** Data excerpt follows **

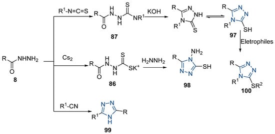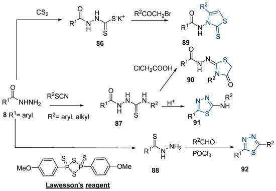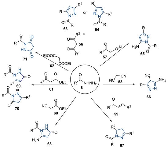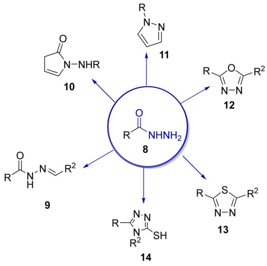 Over time, hydrazides 8 were found to be great precursors of other bioactive compounds such as hydrazine–hydrazones 9 [25,26]. Hydrazides 8 were also employed as building block synthons of different classes of heterocycles, like pyrrolones 10 [27,28], pyrazoles 11 [29,30], oxadiazoles 12 [31], thiadiazoles 13 [30,32], triazoles 14 [30], by cyclization or cycloaddition reactions with other reagents [28,33] (Figure 2). These hydrazide derivatives similarly revealed a wide range of biological activities, including antitumor [34,35,36,37], antimicrobial [38], antifungal [39], antimalarial [2], antileishmanial [40], anti-inflammatory [41], antidiabetic [42,43] and antioxidant [44] properties. They also showed herbicide activity or were used as dyes [45,46].
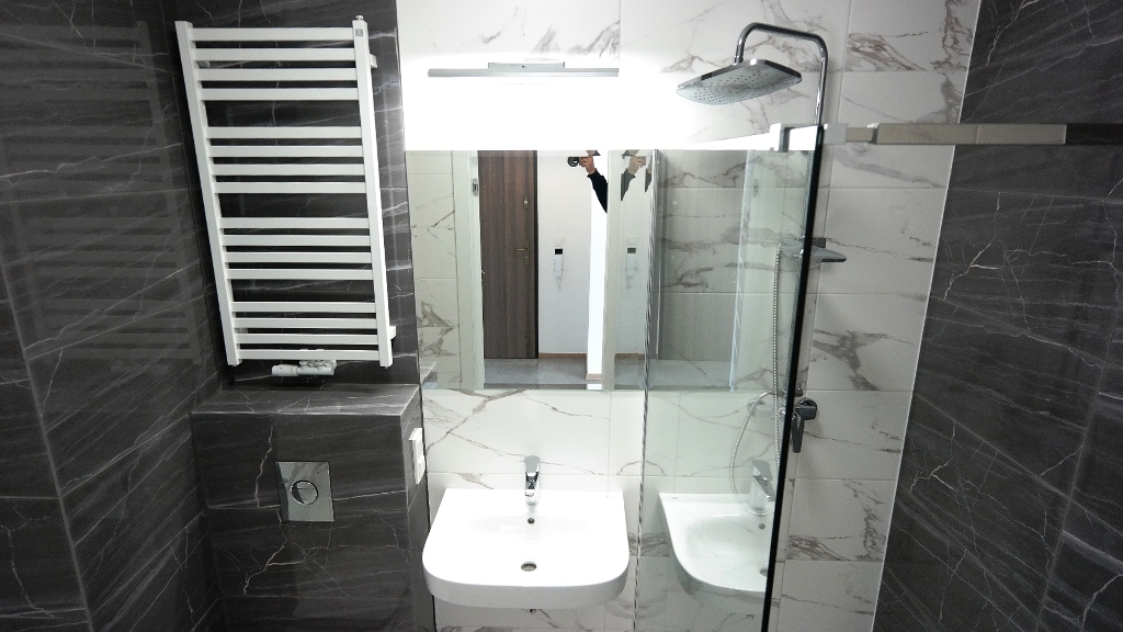 lustro, umywalka z baterią, odpływ liniowy, szyba wydzielająca brodzik, grzejnik drabinkowy, miska sedesowa zamontowana na stelażu
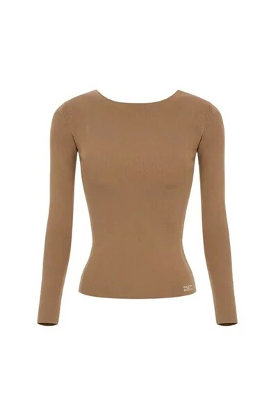 Jersey met een boot, lange mouw en uitgesproken halslijn van achteren om een met elkaar verweven reden. MK56S26E2 Technische beschrijving: Sweater met lange mouwen Kruisdetail aan de achterkant
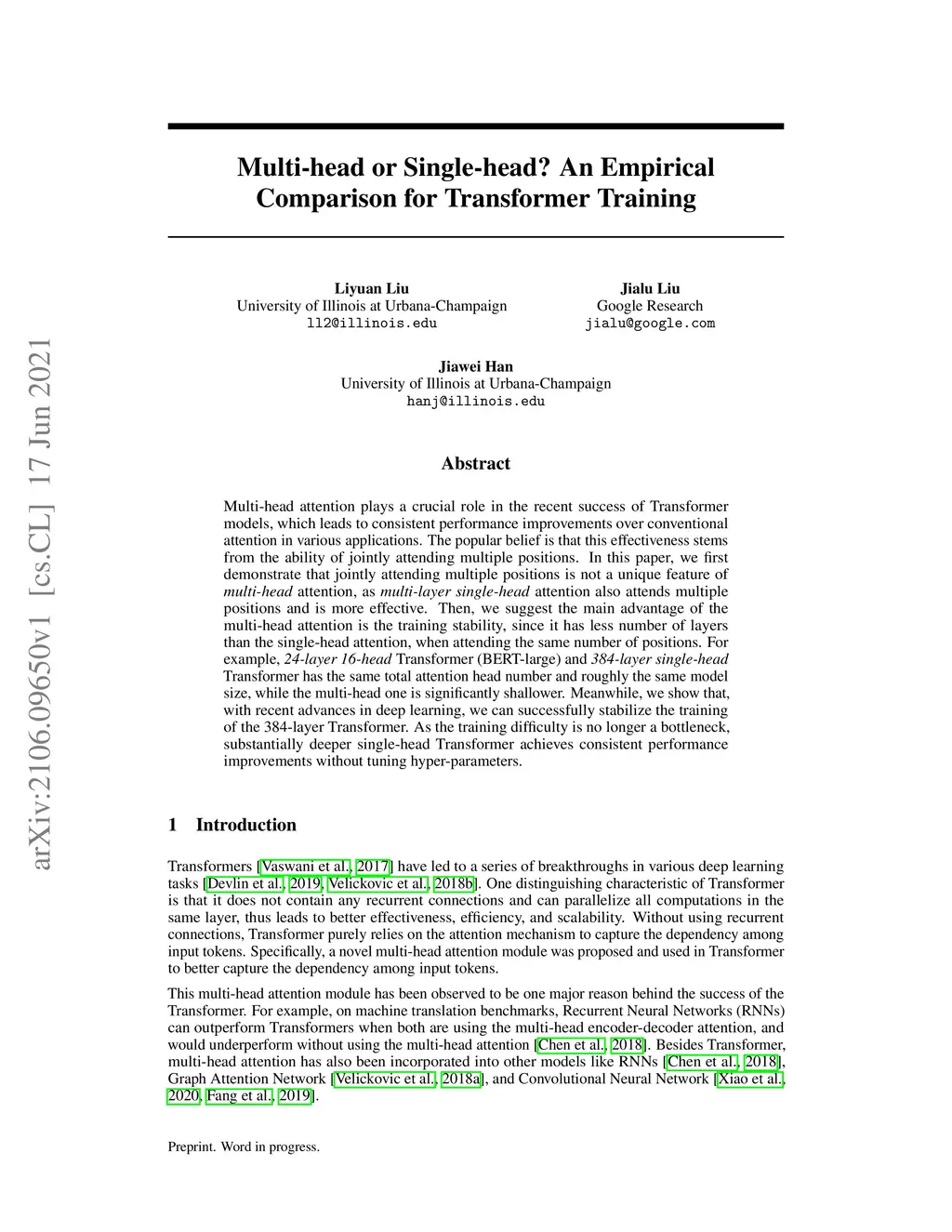 Multi-head attention plays a crucial role in the recent success of Transformer models, which leads to consistent performance improvements over conventional attention in various applications. The popular belief is that this effectiveness stems from the ability of jointly attending multiple positions. In this paper, we first demonstrate that jointly attending multiple positions is not a unique feature of multi-head attention, as multi-layer single-head attention also attends multiple positions and is more effective. Then, we suggest the main advantage of the multi-head attention is the training stability, since it has less number of layers than the single-head attention, when attending the same number of positions. For example, 24-layer 16-head Transformer (BERT-large) and 384-layer single-head Transformer has the same total attention head number and roughly the same model size, while the multi-head one is significantly shallower. Meanwhile, we show that, with recent advances in deep learning, we can successfully stabilize the training of the 384-layer Transformer. As the training difficulty is no longer a bottleneck, substantially deeper single-head Transformer achieves consistent performance improvements without tuning hyper-parameters.

** End of Data excerpt **

Exercise goal:
Nothing but the lines from the first line of the data through the line with "Jersey met een" belongs in the answer, copied exactly and without pictures.

Written response:
 Over time, hydrazides 8 were found to be great precursors of other bioactive compounds such as hydrazine–hydrazones 9 [25,26]. Hydrazides 8 were also employed as building block synthons of different classes of heterocycles, like pyrrolones 10 [27,28], pyrazoles 11 [29,30], oxadiazoles 12 [31], thiadiazoles 13 [30,32], triazoles 14 [30], by cyclization or cycloaddition reactions with other reagents [28,33] (Figure 2). These hydrazide derivatives similarly revealed a wide range of biological activities, including antitumor [34,35,36,37], antimicrobial [38], antifungal [39], antimalarial [2], antileishmanial [40], anti-inflammatory [41], antidiabetic [42,43] and antioxidant [44] properties. They also showed herbicide activity or were used as dyes [45,46].
 lustro, umywalka z baterią, odpływ liniowy, szyba wydzielająca brodzik, grzejnik drabinkowy, miska sedesowa zamontowana na stelażu
 Jersey met een boot, lange mouw en uitgesproken halslijn van achteren om een met elkaar verweven reden. MK56S26E2 Technische beschrijving: Sweater met lange mouwen Kruisdetail aan de achterkant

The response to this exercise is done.